It's really just that. A monad is really just a type that admits lawful definitions of map (so it's a functor), pure and ap (so it's an applicative functor) and bind (or flatmap, though depending on your language this may be too powerful compared to a classical bind, cf. Scala). There's a lot of cool stuff that falls out of that, but if you understand "given a value in some context (of type m a, say) and a function that lifts values into that context (possibly at a different type, i.e., a -> m b), I can produce a value in the same context (m b, again, possibly at a different type)", there's not much else to look into. The functor, applicative, and monad laws dictate some of the operational characteristics of such definitions on a particular type, but that's really only relevant if you're making your own.

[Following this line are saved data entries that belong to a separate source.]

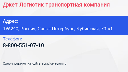 Джет Логистик, транспортная компания по адресу 196240, Россия, Санкт-Петербург, Кубинская, 73 к1 в дальнейшем Организация, размещена в следующих категориях:
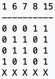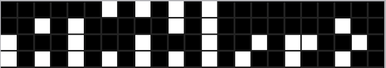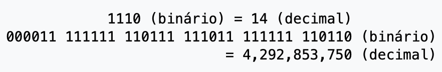 A seguir vem uma seção que contem os números binários que representam os números atômicos dos elementos principais da vida na Terra – Hidrogênio (1), Carbono (6), Nitrogênio (7), Oxigênio (8) e Fósforo (15):
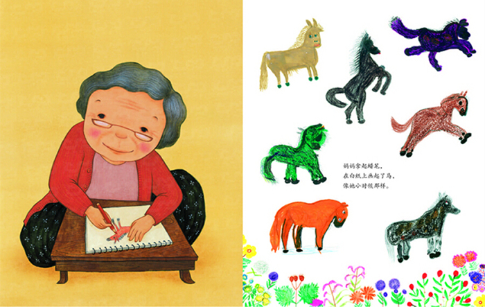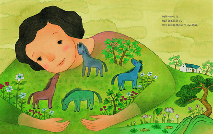 这本《妈妈的马》所面向的不只是幼儿读者,它所带给成年人的感触也是非常深刻的。书中的主人公在不同的时期将自己、丈夫和孩子们比作自由、优雅的马,度过了人生中一个个重要的时期,经历了人生中的喜与悲、生与死等,让我们看到一个女孩蜕变为一个女人、一个女人再蜕变为一位母亲的全过程。将生命的无常、母子的情意等呈现在读者面前,发人深省。
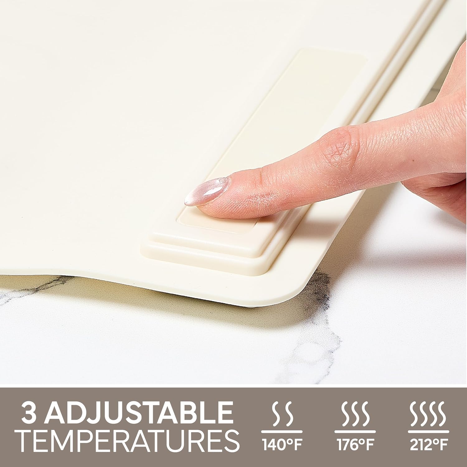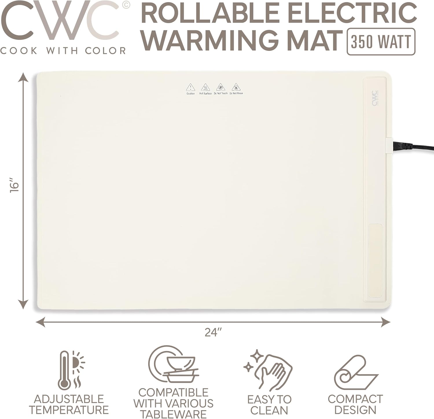 COOK WITH COLOR 350W Electric Food Warming Mat - Portable Food Warmer Tray with Adjustable Temperature, Fast 60-Second Heating, Auto Shut-Off, Rollable Silicone Pad for Parties & Everyday Use, Cream
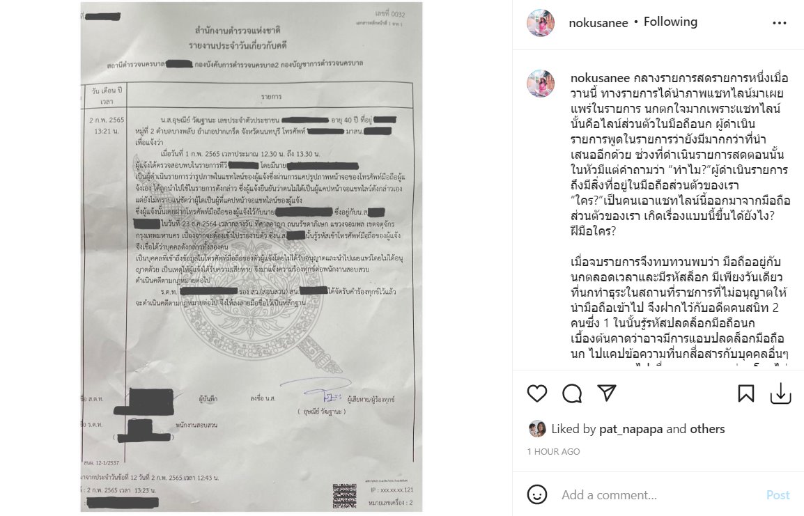 จากกรณีดาราสาว นก อุษณีย์ เห็นภาพแชตแคปจากไลน์ของตัวเองโผล่กลางรายการสด ทั้งที่ตนเองไม่ได้ส่งไป คาดว่าถูกมือดีที่รู้รหัสปลดล็อกโทรศัพท์เป็นคนแอบแคปไปปล่อย ทำให้ได้รับความเสียหาย จึงตัดสินใจเข้าแจ้งความเพื่อให้เจ้าหน้าที่ช่วยสืบหาความจริงเกี่ยวกับเรื่องนี้
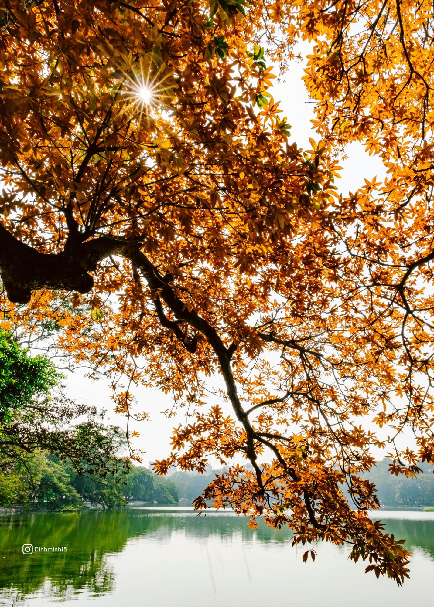 Cây mõ thay màu lá tạo nên khung cảnh rực rỡ nhưng không kém phần thơ mộng - Ảnh: Giang TrịnhChia sẻ cảm nhận của mình về cây mõ Hồ Gươm, nhiếp ảnh gia Trịnh Xuân Giang tâm sự: “Mình bắt đầu chụp cây mõ ngay từ những ngày đầu gắn bó với chiếc máy ảnh, tức là khoảng 15 năm trước. Vào mùa xuân cây mõ ra hoa, mùa đông lá sẽ chuyển sang màu vàng. Đây cũng là 2 thời điểm đẹp nhất của cây.
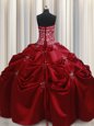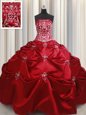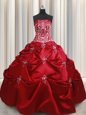 Home >  Quinceanera Dresses >  Fashionable Quinceanera Dresses > Strapless Sleeveless Quinceanera Dresses Floor Length Beading and Pick Ups Wine Red Taffeta
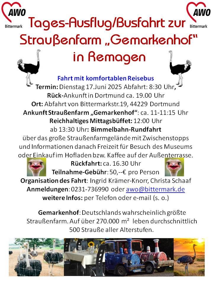 Ein schöner Tag in der Eifel zu Besuch bei bemerkenswerten Vögeln Der AWO-OV Bittermark hatte zum 17.06.25 zu einer geselligen Busfahrt in die Eifel mit dem Ziel Straußenfarm „Gemarkenhof“ bei Remagen eingeladen. Rund 25 Personen aus der Bittermark und Umgebung folgten dieser Einladung gern und wurden nach einer gemütlichen Busfahrt bei sehr schönem, sonnigen Wetter auf der Farmanlage mit dem reichhaltigen Essens-Angebot in Form eines Straußen-Buffet“ belohnt, welches neben den üblichen Buffet-Angeboten auch speziell eine Straußen-Suppe, Straußenschmalz und Straußenfleisch im Angebot hatte. Bei Besuch des Hofladens konnten dann auch spezifische Produkte dieser besonderen Vogelart wie Staubwedel, Modeaccessoires oder auch Leder-Produkte wie z. B. Taschen, Gürtel, Schuhe und Handschuhe erwerben. Danach ging es dann mit der „Bimmelbahn“, die vom Farmer Ralph Schumacher selber gesteuert wurde, im gemütlichen Tempo auf zu einer Rundfahrt über das weite Gelände der Farm (ca. 270.000 m²), wo insgesamt rund 500 Strauße jeden Alters leben. An mehreren Stationen verweilte die Bimmelbahn, so dass die Farm-Besucher aussteigen und den Straußenvögeln sehr nah sein konnten. Der Farmbetreiber Ralph Schumacher nutzte jeweils die Gelegenheit um auch auszusteigen, und den Besuchern mit Begeisterung viel Faktenwissen (wie z. B. ca. 35kg Fleischertrag je Straußenvogel) oder auch amüsantes über diese ziemlich spezielle Vogelart zu erzählen, wie z. B. dass jeder Straußenmann mit 2 Straußenfrauen lebt (eine Ehefrau und eine Geliebte), sie haben keine Zähne und keinen Magensaft, aber essen dafür immer Steine, die das aufgenommene Essen im Magen bei der Fortbewegung zerkleinern und dass die Strauße als Fluchttiere immer einem anderen Strauß hinterherlaufen, sobald sich einer in Bewegung gesetzt hat, wobei sie Geschwindigkeiten von bis zu 70 Km/h erreichen können. Die Strauße sind die größten lebenden Vögel der Welt, die Männchen erreichen bis zu 2,8 m Höhe und wiegen bis zu 160 kg und sind dadurch flugunfähig. Sie leben in Gruppen mit klarer Hierarchie und kommunizieren über Laute und Körperhaltungen. Ihre Eier sind die größten im Tierreich und sind bis zu 2,3 kg schwer und so stabil, dass ein Mensch darauf stehen kann. Der Straußenmann (dunkles Federkleid) betreibt mit seinen 2 Frauen eine Gemeinschaftsbrut, seine Weibchen (graues Federkleid) legen Eier in ein gemeinsames Nest, das von dem dominanten Männchen bewacht und bebrütet wird. Aber nur die Eier des als Ehefrau fungierenden Weibchens bringen wirklich Nachwuchs hervor. Auf der Straußenfarm werden Brutautomaten für die Eier eingesetzt, wo der SelektIons-Effekt nicht auftreten kann. Die Straußenvögel haben Anpassungen an trockene Regionen entwickelt und kommen mit wenig Wasser aus, da sie die benötigte Flüssigkeit über die Nahrung aufnehmen. Sie waren Ursprünglich in Afrika verbreitet, heute aber auch auf Farmen weltweit. Der Mythos, dass sie stecken den Kopf gerne in den Sand stecken ist heute entlarvt, da die Wissenschaft festgestellt hat, dass sie sich in Gefahrensituationen nur flach hinlegen, um sich zu tarnen. Mit einem Besuch der Brutstation und den wieder sehr interessanten Erläuterungen des Straußenfarmers und einer gemeinsamen Kaffee-Runde neigte sich der informationsreiche Besuch der Straußenfarm dem Ende zu, aber nicht ohne, dass interessierte Personen noch das Straußen-Museum besuchen konnten und ein Gruppenfoto gemacht wurde. Organisation der Fahrt: Ingrid Krämer-Knorr und Christa Schaaf; www.awo-bittermark.com Sichelstraße 7, 44229 Dortmund. Gemarkenhof: Deutschlands wahrscheinlich größte Straußenfarm. Auf über 270.000 m² leben durchschnittlich 500 Strauße aller Alterstufen.
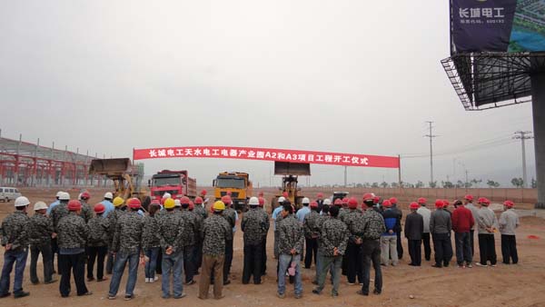 2013年5月15日,長城電工天水電工電器產(chǎn)業(yè)園餐飲文化中心(A2)和職工宿舍樓(A3)項目工程開工儀式在長城電工天水電工電器產(chǎn)業(yè)園舉行。長城電工總經(jīng)理張希泰參加并做重要講話。
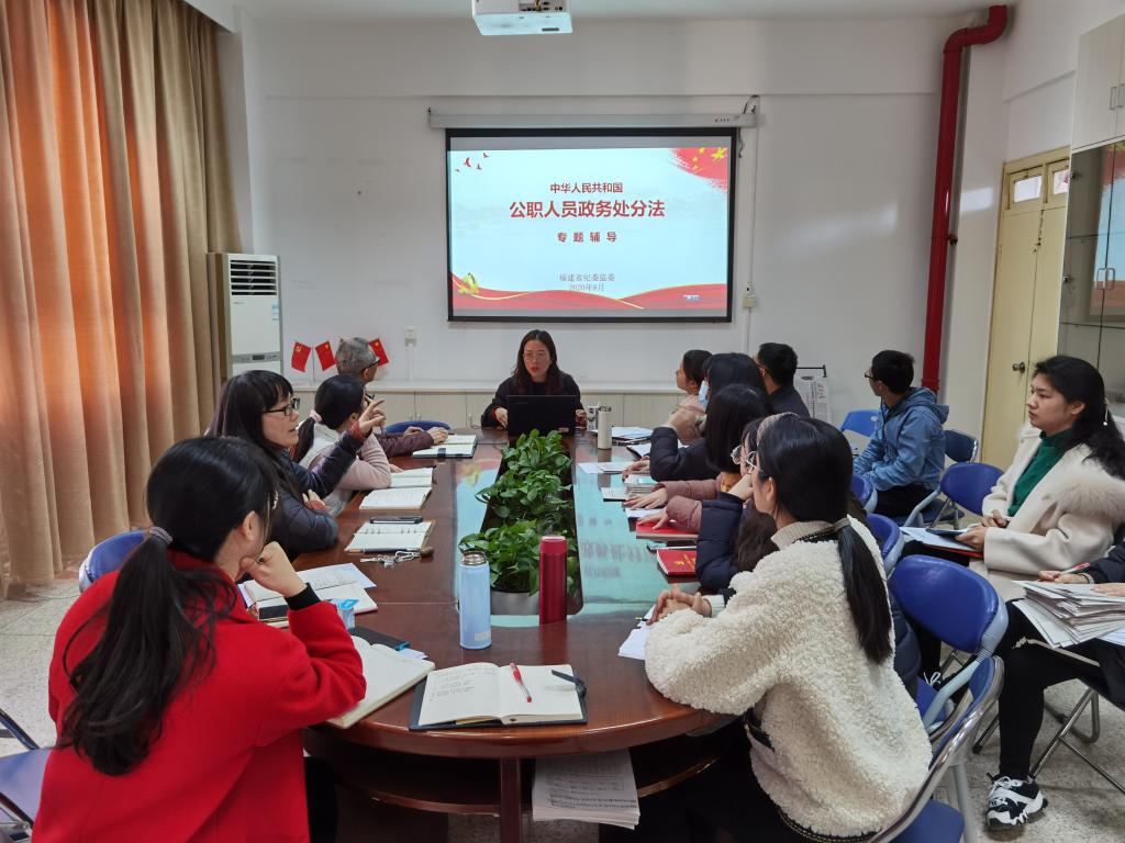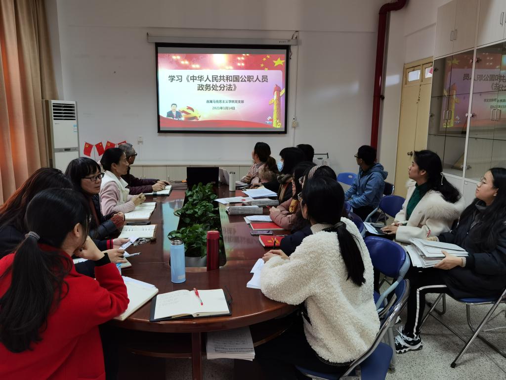 為切實(shí)領(lǐng)會(huì)、準(zhǔn)確把握《中華人民共和國(guó)公職人員政務(wù)處分法》(以下簡(jiǎn)稱《政務(wù)處分法》)的新精神、新要求,2021年1月14日下午,直屬馬克思主義學(xué)院黨支部組織全體黨員在行政樓107會(huì)議室專題學(xué)習(xí)《政務(wù)處分法》。學(xué)習(xí)會(huì)由黨支部書記熊美蘭同志主持,支部全體黨員同志參加了學(xué)習(xí)會(huì)。
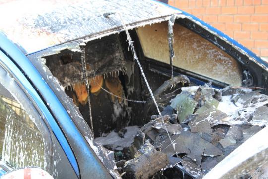 Сообщение о возгорании поступило в 2:13. К моменту приезда пожарных автомобиль был весь охвачен огнем. Его удалось потушить к 2:20, однако салон машины и моторный отсек успели безнадежно выгореть.
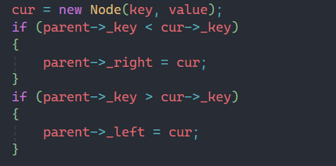 插入的思路很简单,根据二叉搜索树的特征,我们先跟根结点中的值进行比较,如果比它大,就走右边,比它小就走左边,然后更新cur的位置,直至找到空的位置。
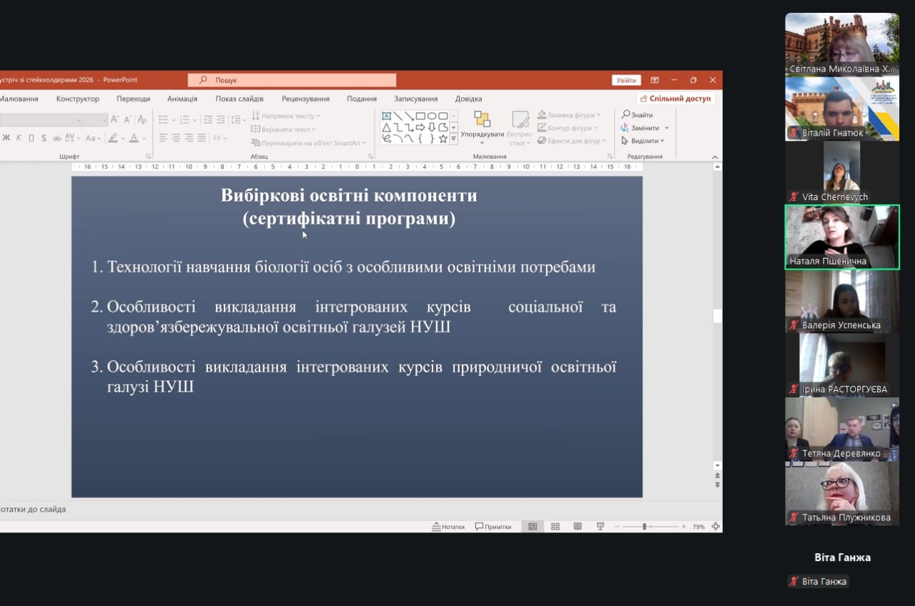 Партнерство зі стейкхолдерами в системі підготовки вчителя біології та основ здоров’я в сучасних умовах трансформації освітнього простору набуває стратегічного значення та розглядається як важливий чинник забезпечення якості педагогічної освіти. Упровадження нових Державних стандартів базової середньої освіти, орієнтація на концептуальні засади Нової української школи, посилення вимог до професійної компетентності вчителя зумовлюють необхідність системної, цілеспрямованої та довготривалої співпраці закладу вищої освіти з представниками освітнього середовища. Важливим прикладом реалізації партнерської взаємодії стало проведення у березні 2026 року на кафедрі біології, здоров’я людини та фізичної реабілітації зустрічі з обговорення освітньо-професійних програм бакалаврського та магістерського рівня вищої освіти.

Lifting is just a fancy word for (in this specific case, anyway) taking a concrete value and putting it some kind of computational context.
I have a value 1 :: Int. There are a lot of contexts I can put that concrete value in! That is, I can make lots of values of type m Int that represent different views on the same value.
Let's start by looking at how functors (types that admit a lawful definition of map) lift values.
map :: Functor f => (a -> b) -> (f a -> f b) -- equivalently (and more usually) (a -> b) -> f a -> f b
Normally, this is explained by saying "given a function a -> b and a value of type f a for some functor f, apply the function on each a in f a and give me the result wrapped up in f". Another way of explaining it (which I've written the type for preferentially) is "given a function a -> b, give me a function f a -> f b. We're lifting the entire function into whatever our functorial context is.
Examples:
1 :: Int
map (+1) :: Functor f => f Int -> f Int
map show :: Functor f => f Int -> f String
Just 1 :: Maybe Int
map (+1) (Just 1) = Just 2 :: Maybe Int
map show (Just 1) = Just "1" :: Maybe String
[1] :: [Int]
map (+1) [1] = [2] :: [Int]
map show [1] = ["1"] :: [String]
Skipping directly up to monads, we really just need pure :: Monadm=> a -> m a (a function which does nothing but put a value into a monadic [technically applicative] context) and bind :: Monad m => m a -> (a -> m b) -> m b. To keep it simple, we'll just reproduce map.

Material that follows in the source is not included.